From the entries below, reproduce exactly the lines from the one with "Black Jack's Mill" through the one with "Just some of", both included, without images.

Records drawn from a dataset:
◆ ◆ ◆

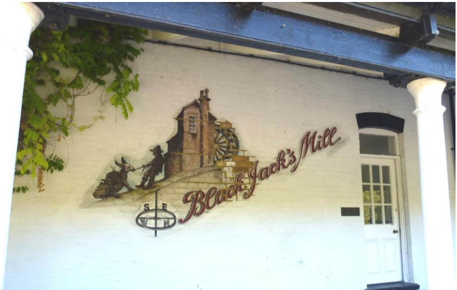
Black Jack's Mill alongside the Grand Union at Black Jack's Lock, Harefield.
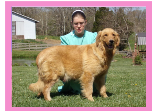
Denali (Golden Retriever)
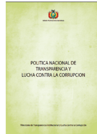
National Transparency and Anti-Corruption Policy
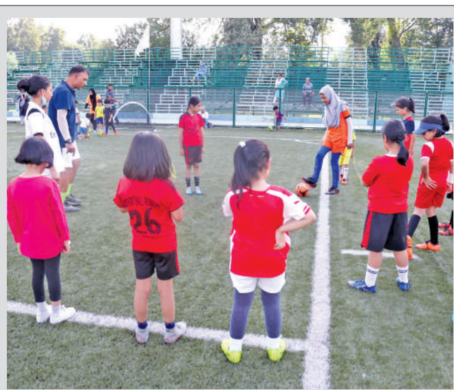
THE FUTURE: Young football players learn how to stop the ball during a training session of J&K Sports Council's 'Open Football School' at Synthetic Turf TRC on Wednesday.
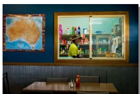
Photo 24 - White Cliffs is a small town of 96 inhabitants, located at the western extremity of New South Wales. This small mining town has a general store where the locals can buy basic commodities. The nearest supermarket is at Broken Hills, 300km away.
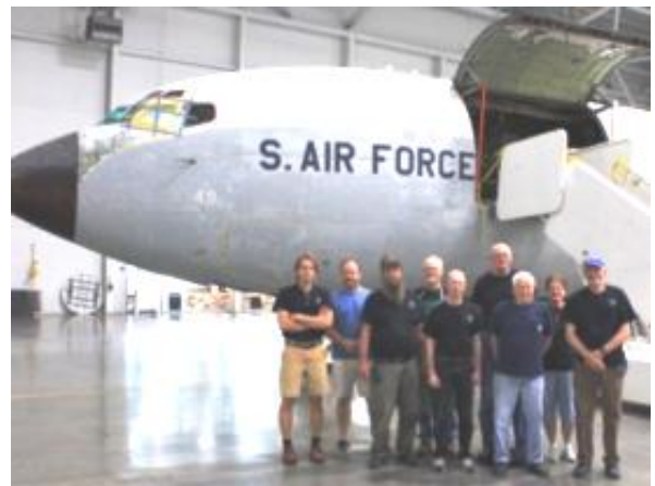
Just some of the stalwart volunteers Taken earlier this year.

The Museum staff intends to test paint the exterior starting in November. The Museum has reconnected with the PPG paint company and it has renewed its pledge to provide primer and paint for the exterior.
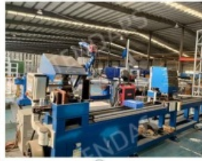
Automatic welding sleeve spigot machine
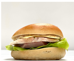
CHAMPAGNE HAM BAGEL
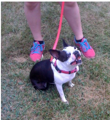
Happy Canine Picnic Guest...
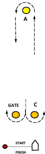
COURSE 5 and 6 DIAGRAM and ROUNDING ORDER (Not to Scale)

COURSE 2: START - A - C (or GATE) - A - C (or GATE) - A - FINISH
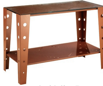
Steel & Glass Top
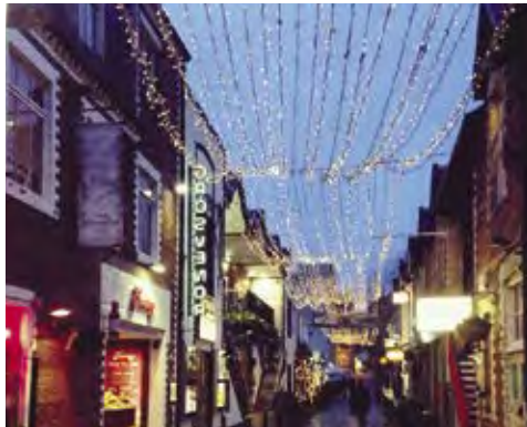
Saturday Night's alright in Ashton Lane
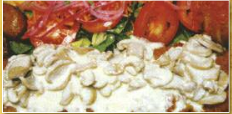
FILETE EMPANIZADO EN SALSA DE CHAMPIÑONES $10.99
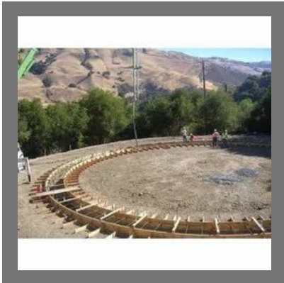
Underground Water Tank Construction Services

◆ ◆ ◆

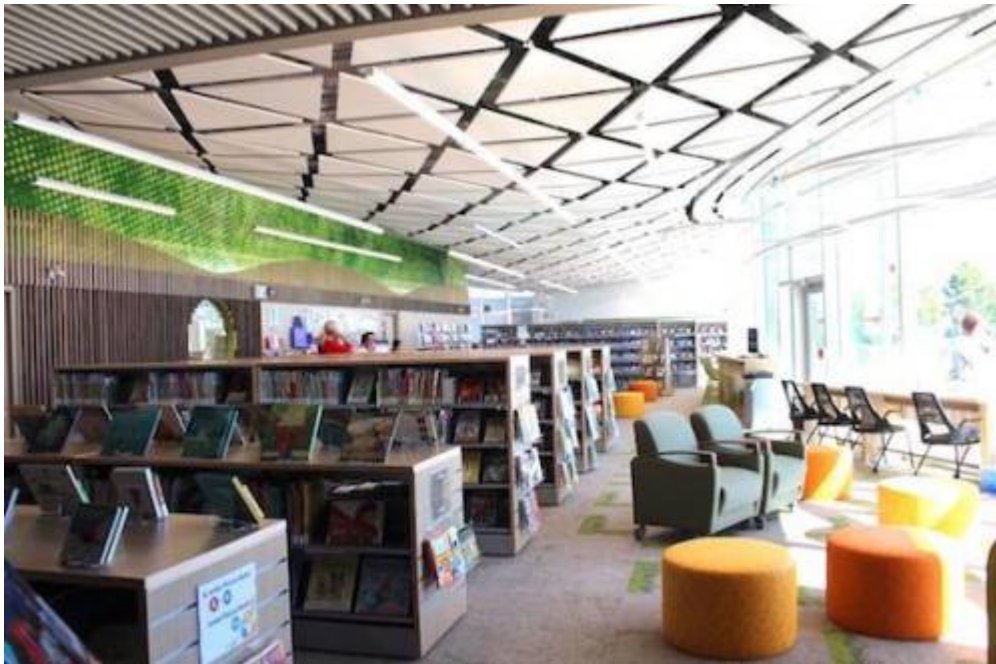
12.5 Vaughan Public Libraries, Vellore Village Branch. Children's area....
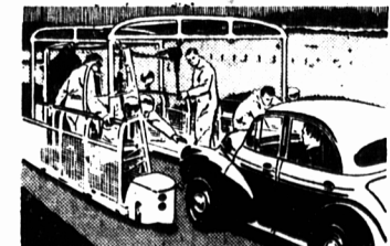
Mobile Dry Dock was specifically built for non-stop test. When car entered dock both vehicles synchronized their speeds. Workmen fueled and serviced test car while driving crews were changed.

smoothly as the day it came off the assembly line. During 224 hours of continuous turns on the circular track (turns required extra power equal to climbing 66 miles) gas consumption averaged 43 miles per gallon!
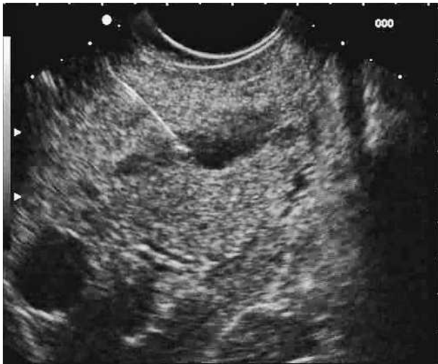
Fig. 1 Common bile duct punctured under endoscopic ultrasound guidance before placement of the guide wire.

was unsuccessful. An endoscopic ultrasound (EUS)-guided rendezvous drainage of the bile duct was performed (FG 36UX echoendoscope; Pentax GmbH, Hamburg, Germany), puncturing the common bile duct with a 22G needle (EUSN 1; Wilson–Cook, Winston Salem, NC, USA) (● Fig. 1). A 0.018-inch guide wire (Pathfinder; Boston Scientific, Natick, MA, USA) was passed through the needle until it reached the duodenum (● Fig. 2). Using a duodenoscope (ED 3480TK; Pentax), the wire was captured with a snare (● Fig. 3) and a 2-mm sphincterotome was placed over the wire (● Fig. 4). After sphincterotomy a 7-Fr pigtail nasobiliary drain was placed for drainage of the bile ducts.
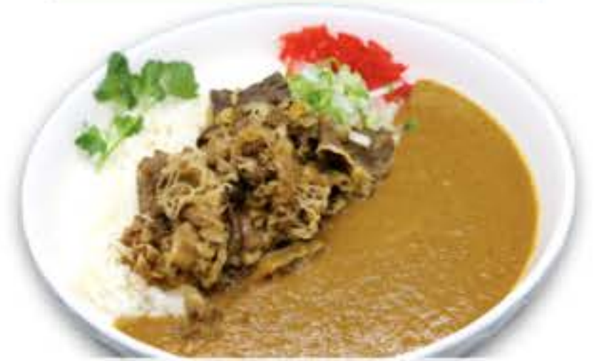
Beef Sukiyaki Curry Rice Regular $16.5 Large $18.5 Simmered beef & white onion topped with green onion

◆ ◆ ◆

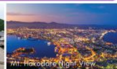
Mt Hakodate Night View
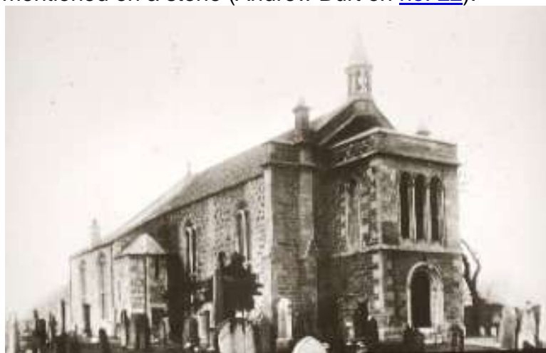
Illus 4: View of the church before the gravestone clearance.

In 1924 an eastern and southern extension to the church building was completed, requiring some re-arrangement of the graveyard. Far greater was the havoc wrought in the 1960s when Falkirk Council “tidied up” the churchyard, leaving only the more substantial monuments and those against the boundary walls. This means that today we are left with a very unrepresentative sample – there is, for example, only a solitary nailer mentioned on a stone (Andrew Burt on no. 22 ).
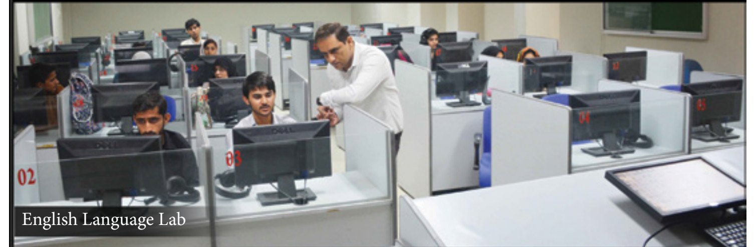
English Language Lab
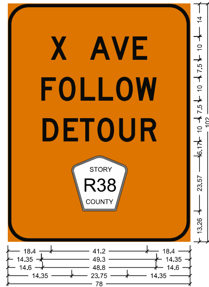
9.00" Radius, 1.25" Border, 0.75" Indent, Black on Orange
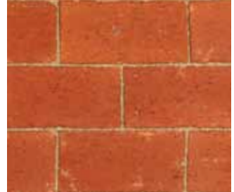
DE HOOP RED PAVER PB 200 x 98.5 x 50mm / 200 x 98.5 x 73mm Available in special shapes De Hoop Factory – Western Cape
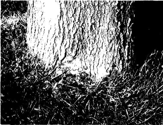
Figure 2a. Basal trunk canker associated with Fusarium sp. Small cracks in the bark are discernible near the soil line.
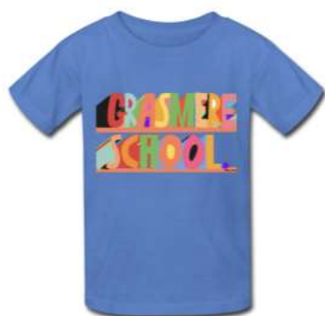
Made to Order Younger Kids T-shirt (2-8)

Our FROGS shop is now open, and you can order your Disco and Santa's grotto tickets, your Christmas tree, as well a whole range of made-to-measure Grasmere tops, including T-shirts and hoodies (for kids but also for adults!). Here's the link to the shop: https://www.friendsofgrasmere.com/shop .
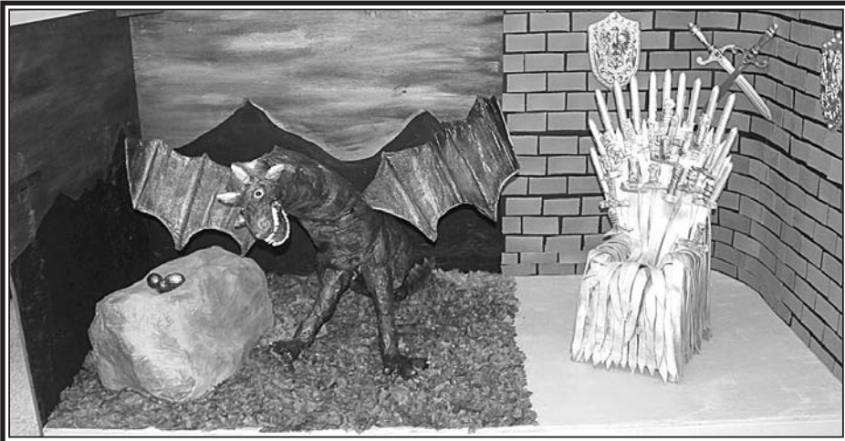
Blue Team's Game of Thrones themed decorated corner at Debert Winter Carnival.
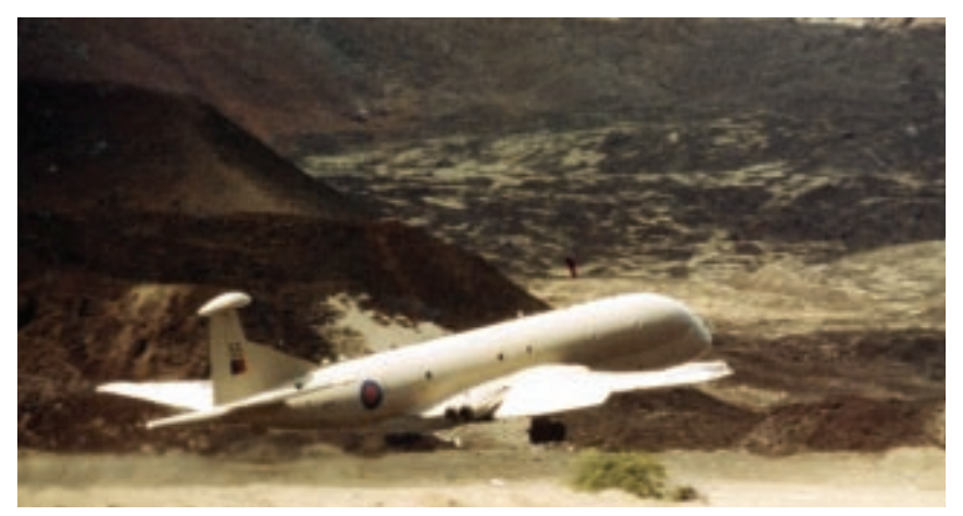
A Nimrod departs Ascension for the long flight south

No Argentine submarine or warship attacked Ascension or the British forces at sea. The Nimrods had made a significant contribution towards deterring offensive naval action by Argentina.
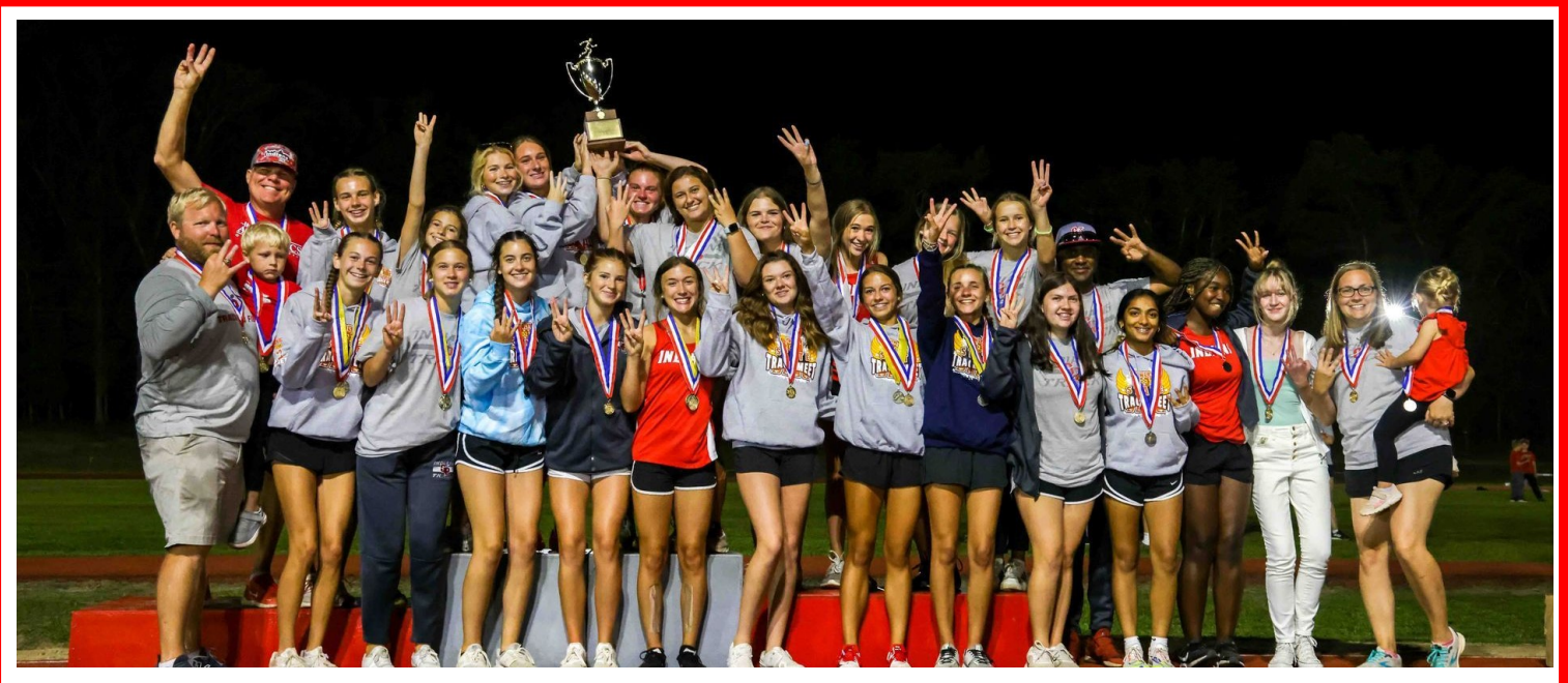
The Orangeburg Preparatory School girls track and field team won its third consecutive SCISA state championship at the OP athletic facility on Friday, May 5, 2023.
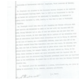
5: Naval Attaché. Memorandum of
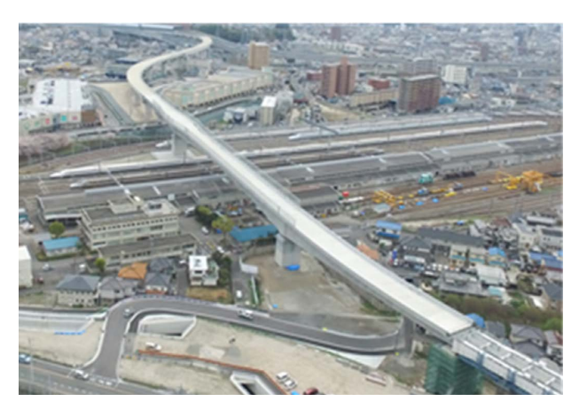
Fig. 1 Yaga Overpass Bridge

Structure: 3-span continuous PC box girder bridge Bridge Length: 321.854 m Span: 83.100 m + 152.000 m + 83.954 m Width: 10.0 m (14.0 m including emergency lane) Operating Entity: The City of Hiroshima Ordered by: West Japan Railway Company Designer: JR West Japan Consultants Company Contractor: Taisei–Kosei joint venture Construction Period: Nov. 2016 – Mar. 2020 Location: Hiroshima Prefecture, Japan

◆ ◆ ◆

Exercise solution:
Black Jack's Mill alongside the Grand Union at Black Jack's Lock, Harefield.
Denali (Golden Retriever)
National Transparency and Anti-Corruption Policy
THE FUTURE: Young football players learn how to stop the ball during a training session of J&K Sports Council's 'Open Football School' at Synthetic Turf TRC on Wednesday.
Photo 24 - White Cliffs is a small town of 96 inhabitants, located at the western extremity of New South Wales. This small mining town has a general store where the locals can buy basic commodities. The nearest supermarket is at Broken Hills, 300km away.
Just some of the stalwart volunteers Taken earlier this year.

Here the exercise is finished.